▶ _EXERCISE PROMPT_: In the entries below, find the line with "AUTOSERVICIO DE ENTREGA DE EQUIPAJE" and the line with "Dovolte, abychom upřímně"; reproduce those two lines and all lines between them exactly, without pictures.

▶ _ENTRIES PROVIDED_:
—————

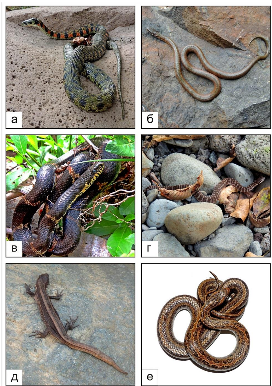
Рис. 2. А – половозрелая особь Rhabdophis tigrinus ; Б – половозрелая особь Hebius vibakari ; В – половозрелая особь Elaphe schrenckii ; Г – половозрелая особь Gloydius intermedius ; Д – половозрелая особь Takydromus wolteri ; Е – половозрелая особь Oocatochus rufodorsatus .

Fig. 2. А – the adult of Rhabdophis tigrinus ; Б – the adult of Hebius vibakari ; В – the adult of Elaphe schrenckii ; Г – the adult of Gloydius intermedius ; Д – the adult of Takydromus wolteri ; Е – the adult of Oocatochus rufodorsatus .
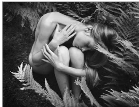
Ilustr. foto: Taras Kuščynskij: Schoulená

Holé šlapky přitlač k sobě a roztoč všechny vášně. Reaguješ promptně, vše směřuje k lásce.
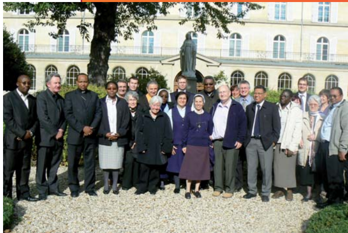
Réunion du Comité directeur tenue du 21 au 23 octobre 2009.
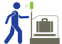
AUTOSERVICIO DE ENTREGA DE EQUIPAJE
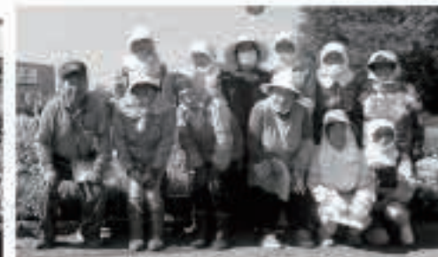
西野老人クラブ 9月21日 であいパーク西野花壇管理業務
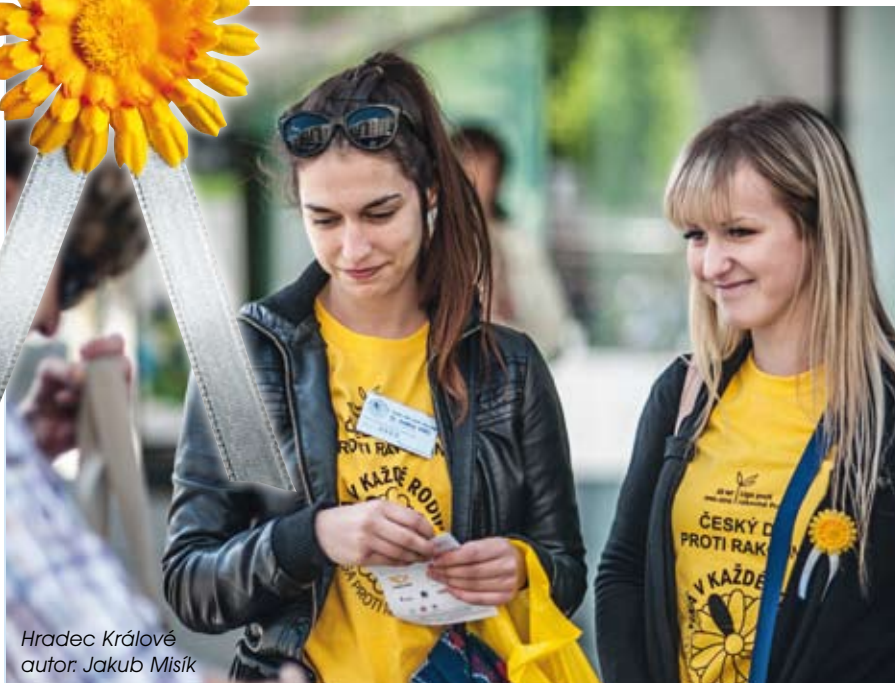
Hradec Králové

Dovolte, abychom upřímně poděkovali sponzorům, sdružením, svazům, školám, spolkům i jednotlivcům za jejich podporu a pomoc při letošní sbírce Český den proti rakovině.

—————

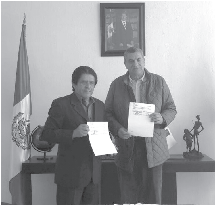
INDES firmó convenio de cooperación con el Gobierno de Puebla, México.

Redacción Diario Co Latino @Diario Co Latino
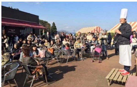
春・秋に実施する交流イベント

—————

▶ _EXERCISE OUTPUT_:
AUTOSERVICIO DE ENTREGA DE EQUIPAJE
西野老人クラブ 9月21日 であいパーク西野花壇管理業務
Hradec Králové

Dovolte, abychom upřímně poděkovali sponzorům, sdružením, svazům, školám, spolkům i jednotlivcům za jejich podporu a pomoc při letošní sbírce Český den proti rakovině.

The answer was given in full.